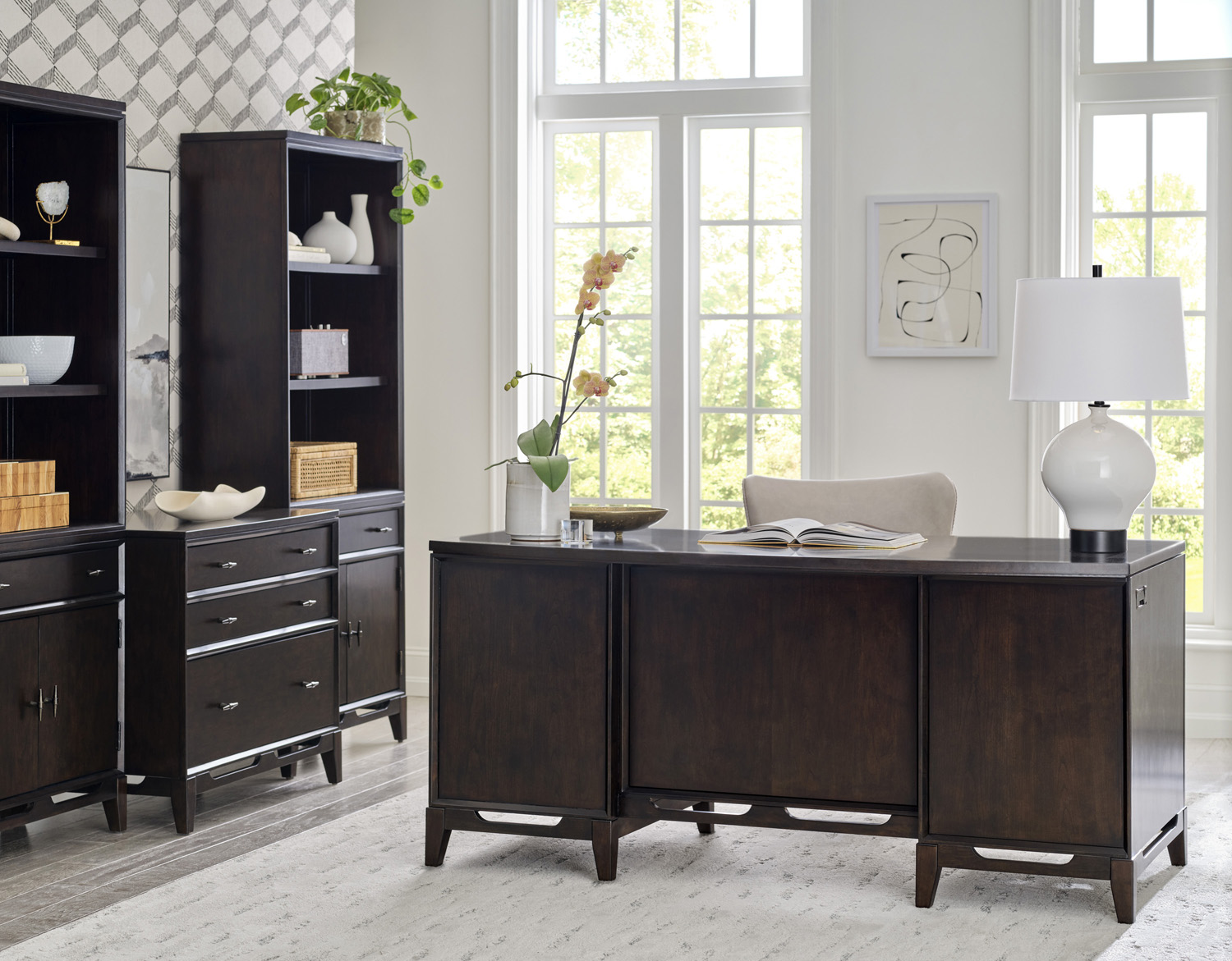 Sutton’s subtle curves and straight lines are both beautiful and functional. The collection has a deep French Roast finish paired with burnished bronze finished hardware in a transitional design that begs to be admired.
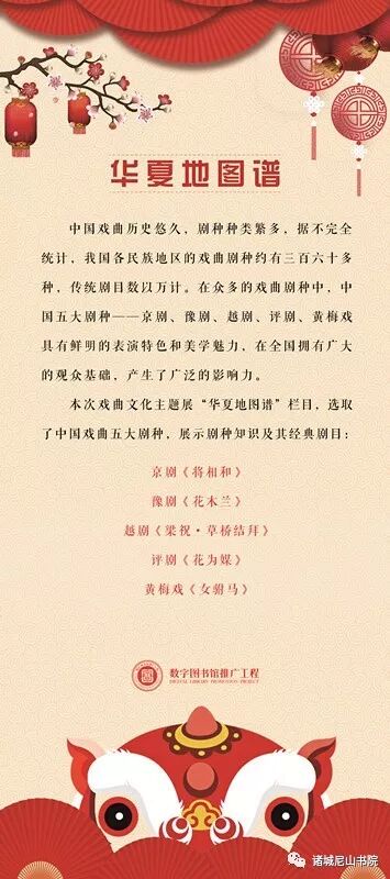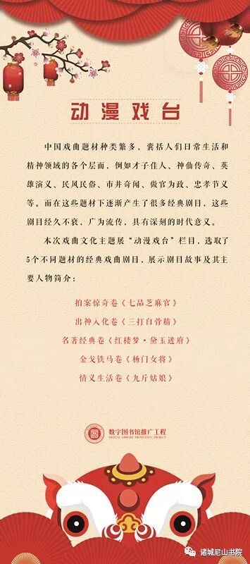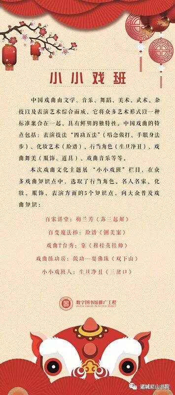 即日起将在诸城市图书馆一楼大厅举办“梨园贺岁·百戏昇平”戏曲文化主题展。本次展览是由国家图书馆数字图书馆推广工程办公室主办,诸城市图书馆承办,是以“网络书香过大年”为主题的线下活动;线上活动:“九州圆梦·美好生活”在线摄影征集、“书香博闻·畅享阅读”在线闯关答题、“经典传情·书福迎春”电子有声贺卡三个活动在“诸城尼山书院”公众号中也已开展。
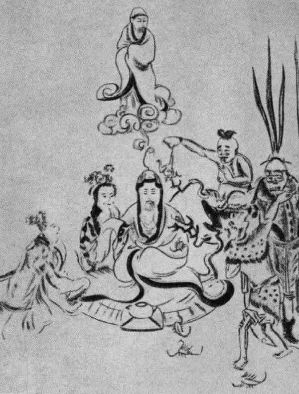 Hierzu ein Bild von einem Taoisten, der in seiner Meditation von Dämonen gequält wird, die ihn am Körper zupfen und abzulenken versuchen. Die schöne Frau steht für Sinnlichkeit, die ebenfalls aufkommen kann und für sexuelle Phantasien.
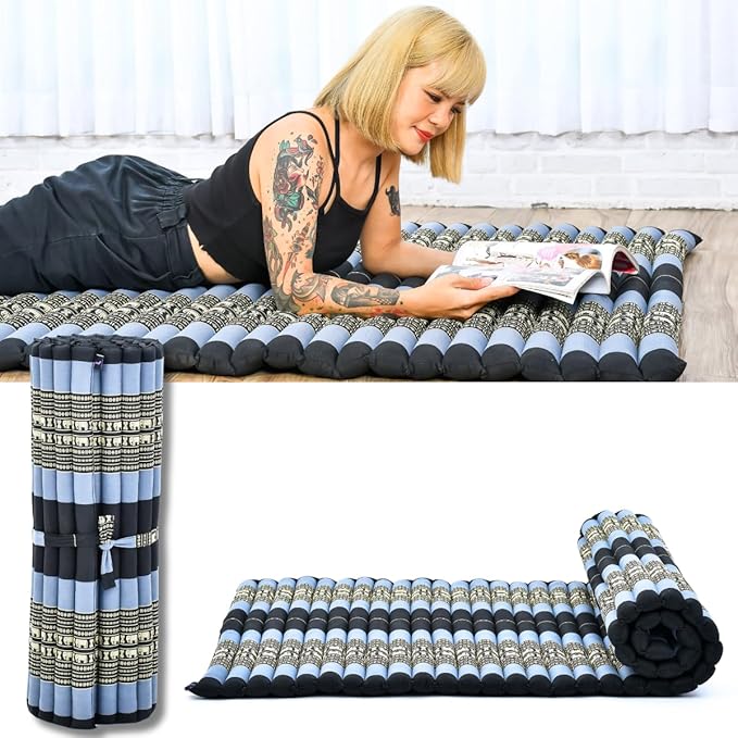 - The Thai tri-fold mattresses, almost full size, for adults and kids is padded with kapok. The stable and breathable fiber used allows for a pleasant and comfortable seating or sleeping position
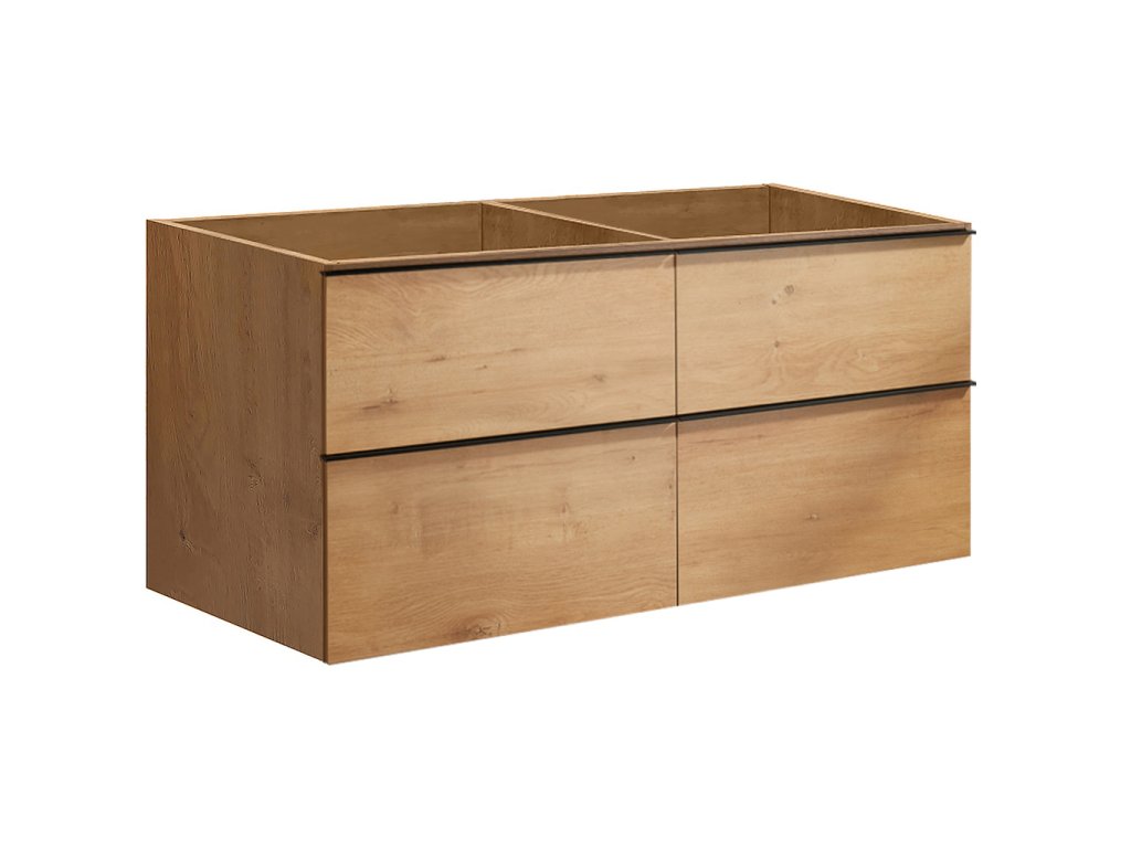 CERANO - Koupelnová skříňka pod umyvadlo s úchytkou Velora - dub medový, černá úchytka - 138x49,8x45,2 cm
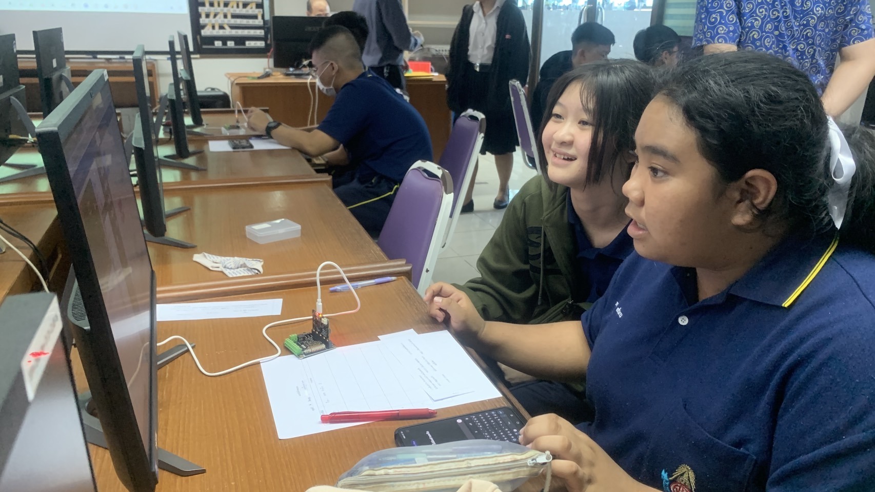 การแข่งขันประเภททีม โดยมีนักเรียนระดับมัธยมศึกษาตอนต้นและตอนปลายเข้าร่วมอย่างคึกคัก ซึ่งแต่ละทีมได้แสดงผลงานที่ใช้ความรู้ด้าน Coding และการออกแบบวงจรอิเล็กทรอนิกส์อย่างน่าสนใจ
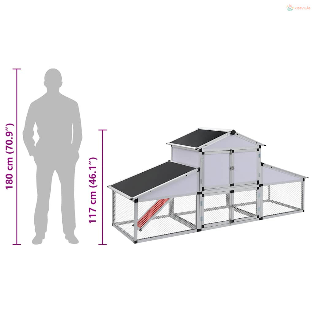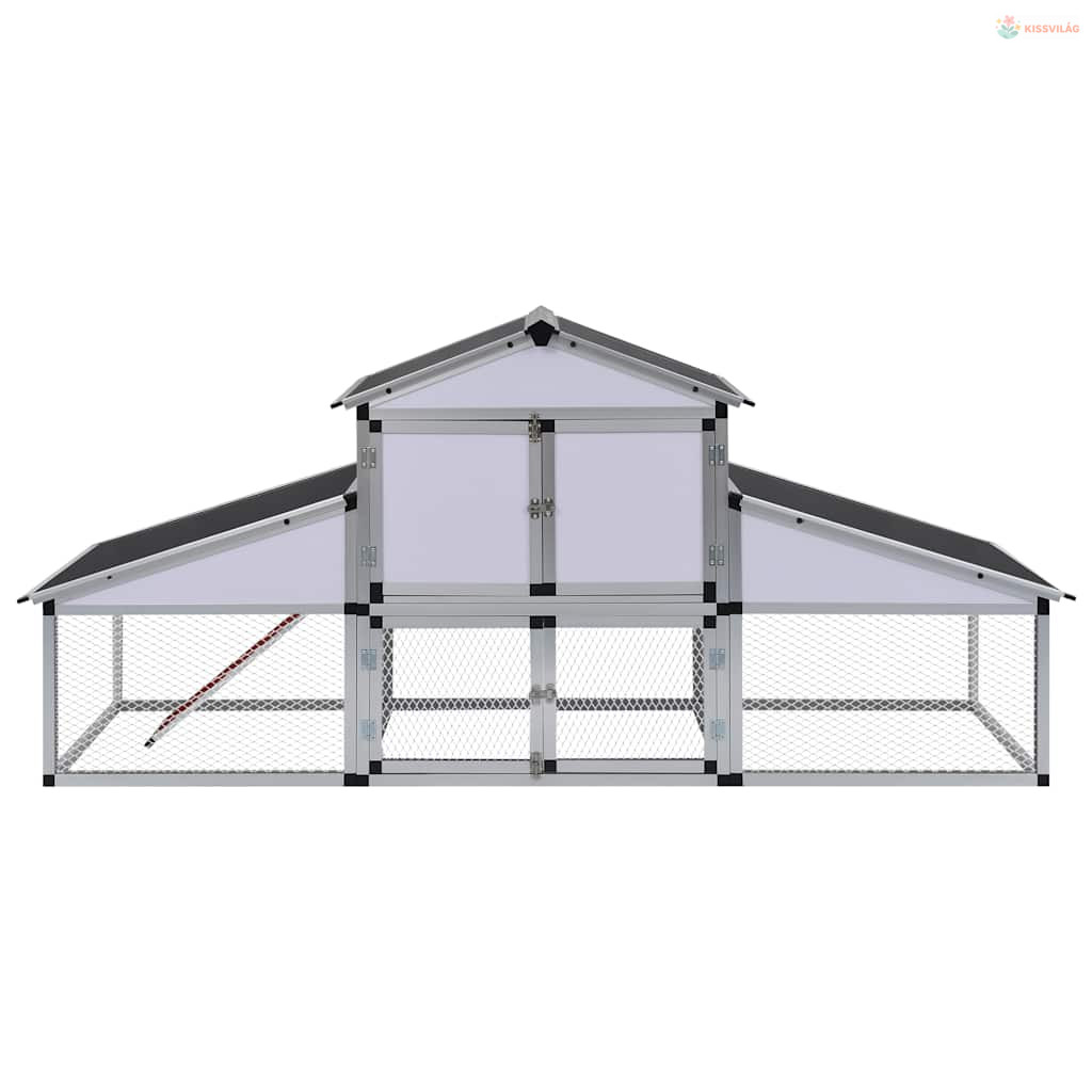 A kiváló minőségű alumíniumszerkezetnek köszönhetően a csirkeól strapabíró és tartós. Az összes tető kinyitható ezek lecsavarozásával a jobb szellőzés és megvilágítás érdekében.

-- -- --

**Problem to solve**
Repeat everything in the records above exactly, except the pictures.

**Result**
 Sutton’s subtle curves and straight lines are both beautiful and functional. The collection has a deep French Roast finish paired with burnished bronze finished hardware in a transitional design that begs to be admired.
 即日起将在诸城市图书馆一楼大厅举办“梨园贺岁·百戏昇平”戏曲文化主题展。本次展览是由国家图书馆数字图书馆推广工程办公室主办,诸城市图书馆承办,是以“网络书香过大年”为主题的线下活动;线上活动:“九州圆梦·美好生活”在线摄影征集、“书香博闻·畅享阅读”在线闯关答题、“经典传情·书福迎春”电子有声贺卡三个活动在“诸城尼山书院”公众号中也已开展。
 Hierzu ein Bild von einem Taoisten, der in seiner Meditation von Dämonen gequält wird, die ihn am Körper zupfen und abzulenken versuchen. Die schöne Frau steht für Sinnlichkeit, die ebenfalls aufkommen kann und für sexuelle Phantasien.
 - The Thai tri-fold mattresses, almost full size, for adults and kids is padded with kapok. The stable and breathable fiber used allows for a pleasant and comfortable seating or sleeping position
 CERANO - Koupelnová skříňka pod umyvadlo s úchytkou Velora - dub medový, černá úchytka - 138x49,8x45,2 cm
 การแข่งขันประเภททีม โดยมีนักเรียนระดับมัธยมศึกษาตอนต้นและตอนปลายเข้าร่วมอย่างคึกคัก ซึ่งแต่ละทีมได้แสดงผลงานที่ใช้ความรู้ด้าน Coding และการออกแบบวงจรอิเล็กทรอนิกส์อย่างน่าสนใจ
 A kiváló minőségű alumíniumszerkezetnek köszönhetően a csirkeól strapabíró és tartós. Az összes tető kinyitható ezek lecsavarozásával a jobb szellőzés és megvilágítás érdekében.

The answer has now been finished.